You actually just multiply the MTFs, not convolve them The way to
think about it is that each component of the system acts like a filter.
The input can be thought of as a 'sum' spatial frequencies (via a
Fourier transform) arising from the different levels of detail in the
scene. The filter acts differently on different frequencies. So for
example, the response at 50 lp/mm might be to reduce intensity to 80
percent in one component and by 60 percent in another. The combined
reduction at 50 lp/mm would be by 80 percent x 60 percent = 48 percent.
Any detail lying mainly at 50 lp/mm would be reduced in intensity by
that amount. And this would happen at every frequency. Convolution is
also involved, but it is a bit difficult to explain why. Multiplication
of MTFs makes quite a lot of sense intuitively.

but this is a point I haven´t reached yet and so I´ve no
idea how to do that.
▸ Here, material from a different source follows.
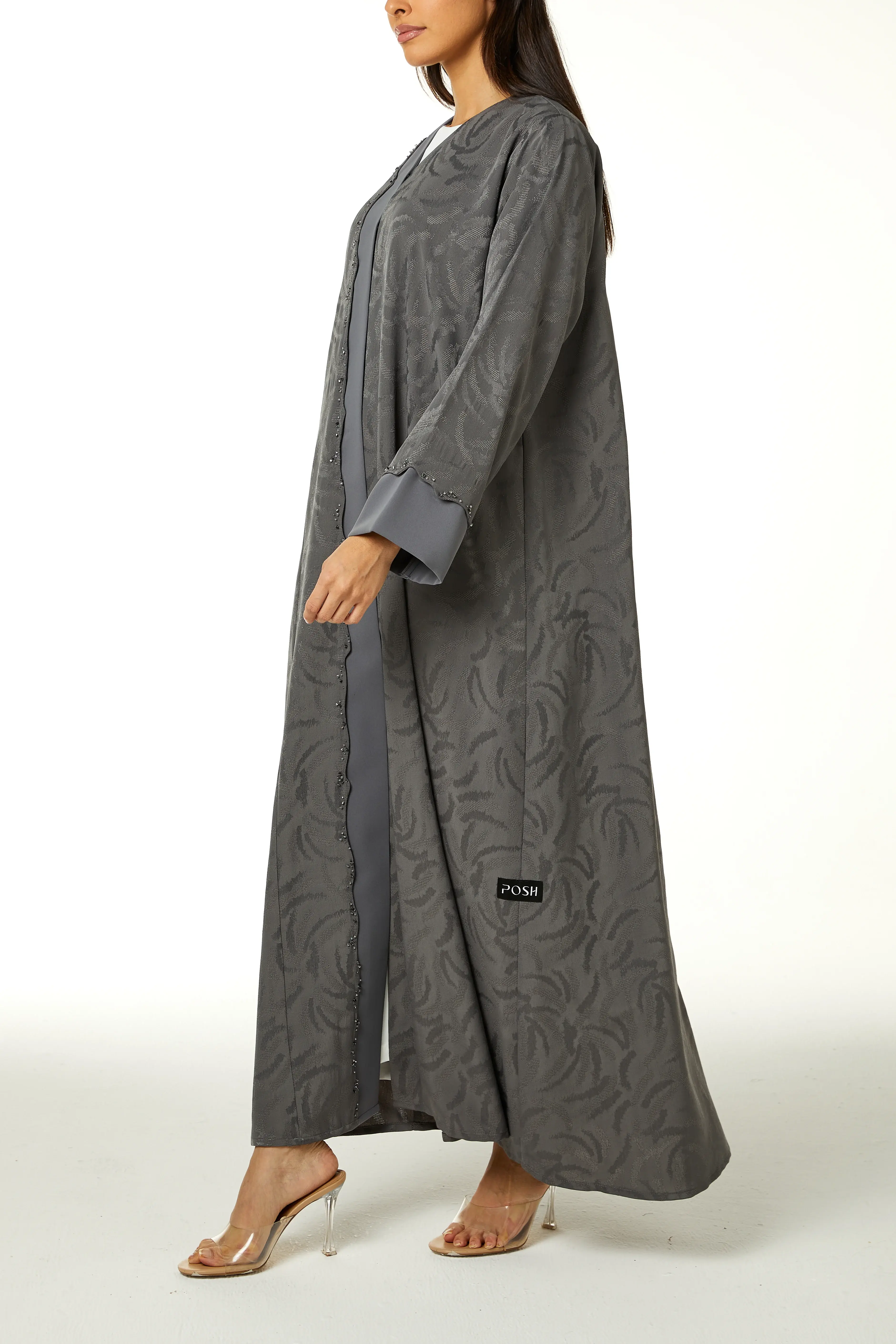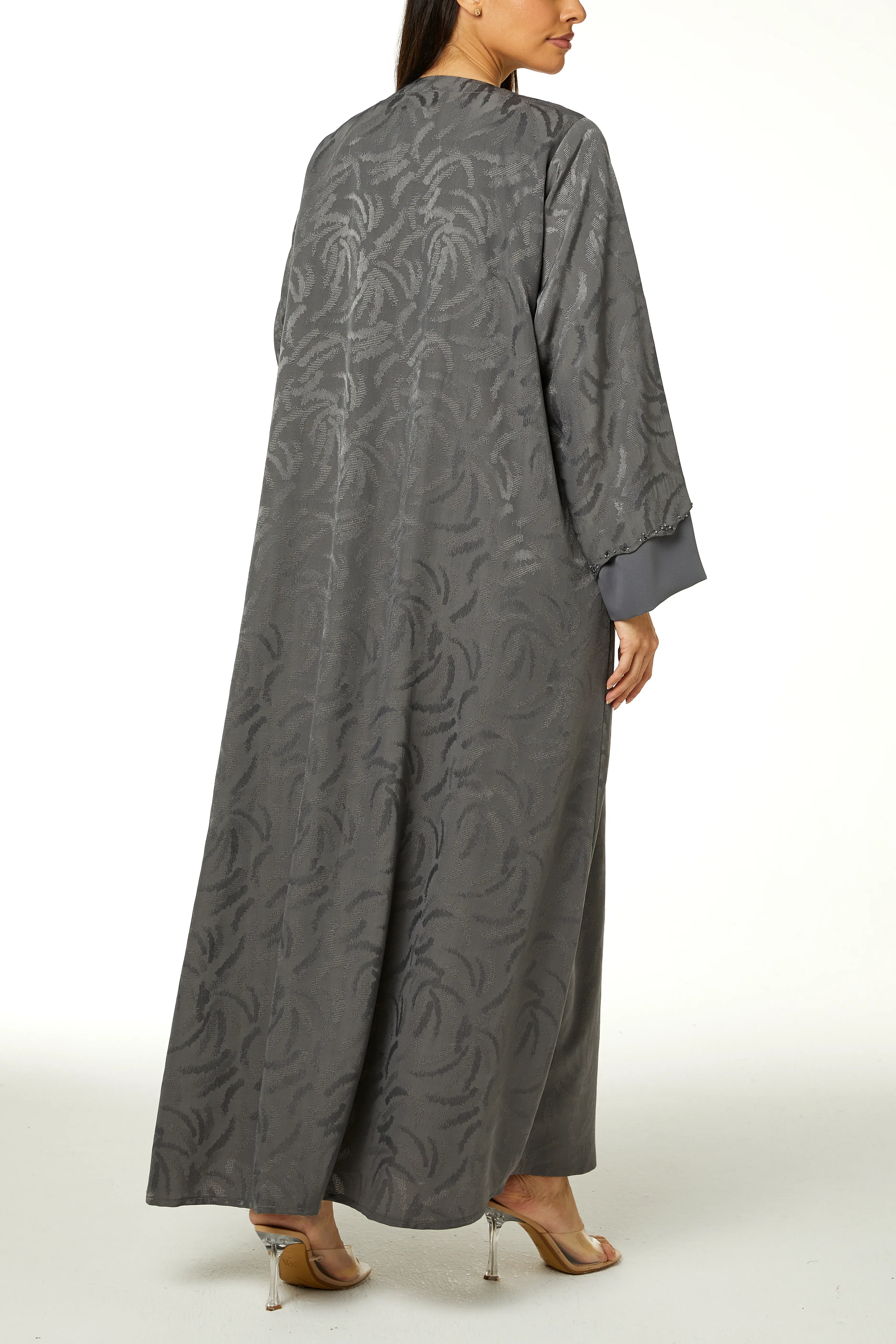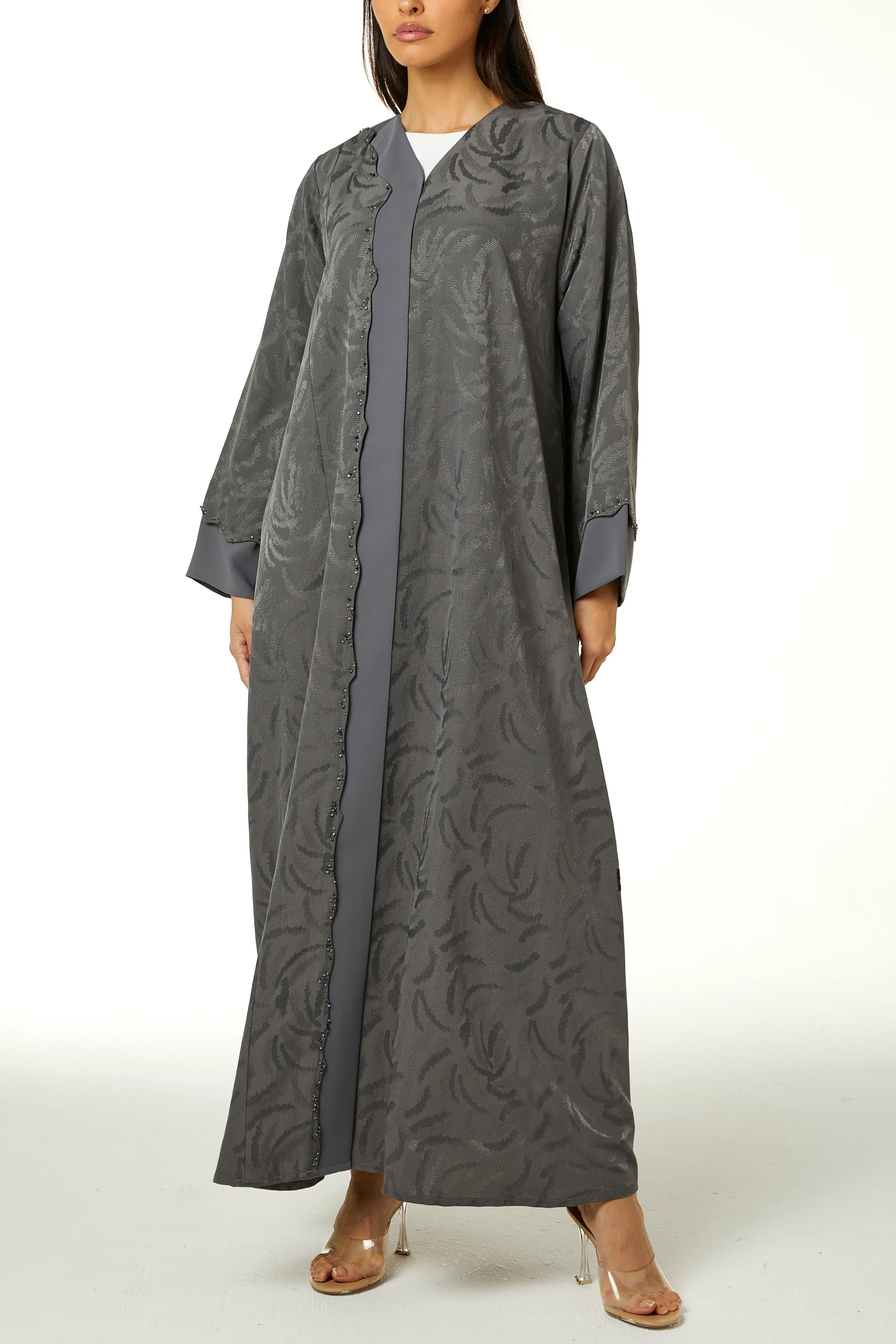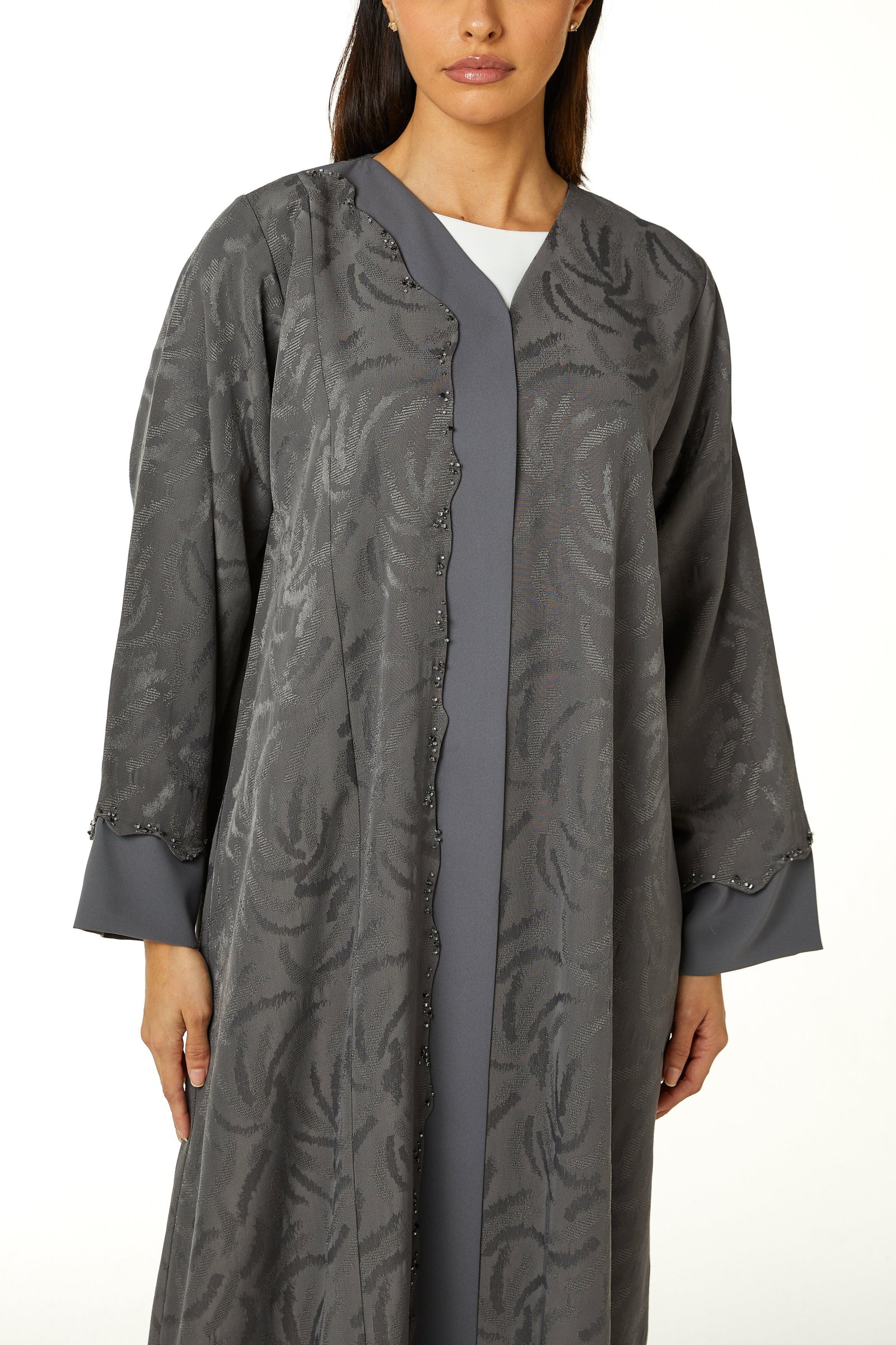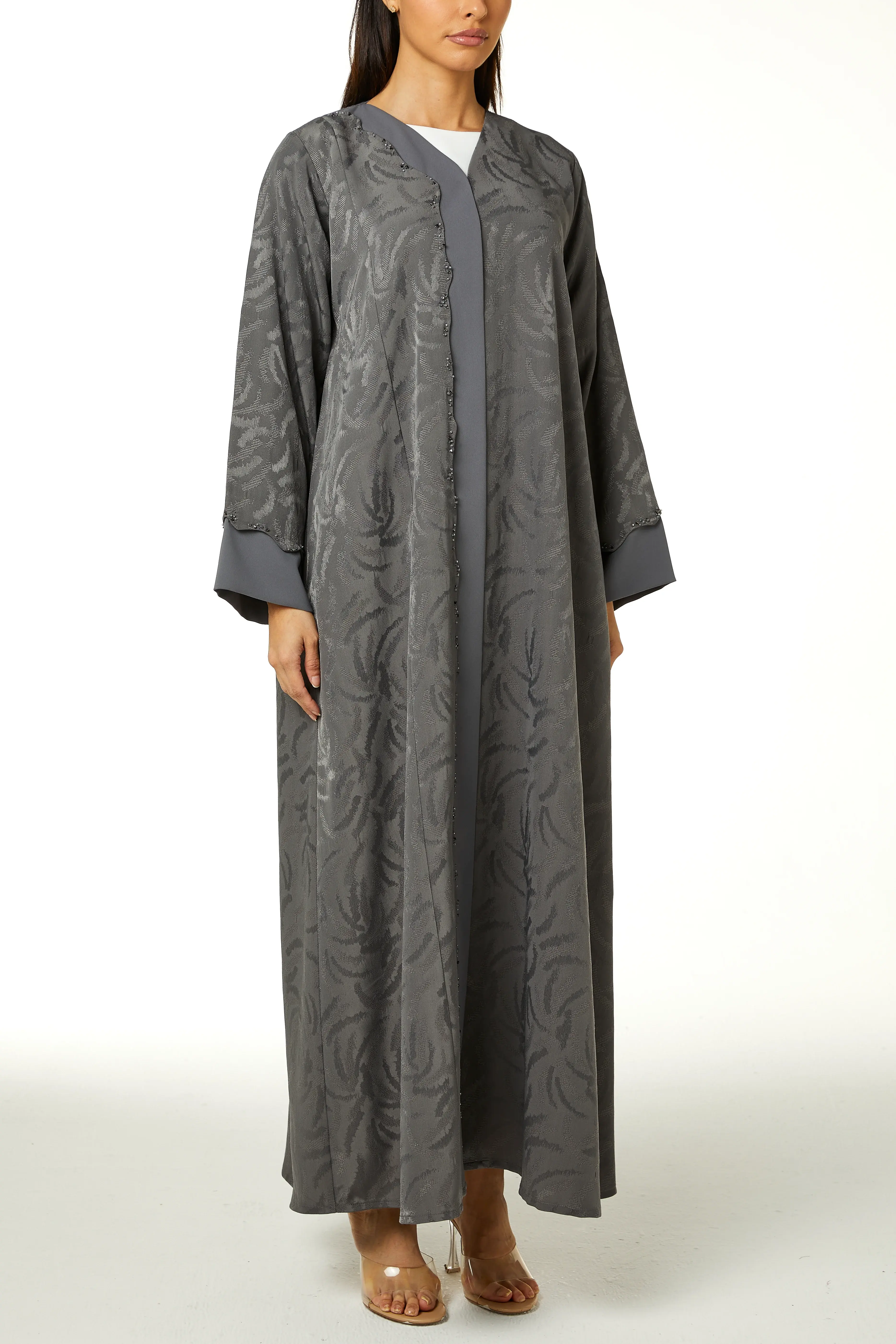 عباءة ألفا الرمادية من قماش الجاكارد الفاخر، تتألق بتطريز خرز دقيق على مقدمة القطعة.

But: Shouldn´t both equations mentioned by now
give roughly the same result? Or, asked the other way around, is my
calculation faulty because it´s off by more than 20 lp/mm in regard to
Leonard´s?


The point is that neither method has any good conceptual or theoretical
basis. The closest you can come is to talk about circles confusion and
what you do with them, but that is considered a limited and generally
faulty approach since it doesn't really describe the physics of what is
happening. The reason they are so different is that neither really has
any justification and are just used as rough rules of thumb. You are
going to miss some important facts about what your system is doing to
input if you use either. So use the one that seems to give you results
that are consistent with your experience. If you use the straight
reciprocal rule, you at least will get a plausible lower bound for how
bad it might be, but in fact the actual performance might be better.


Gregory Wool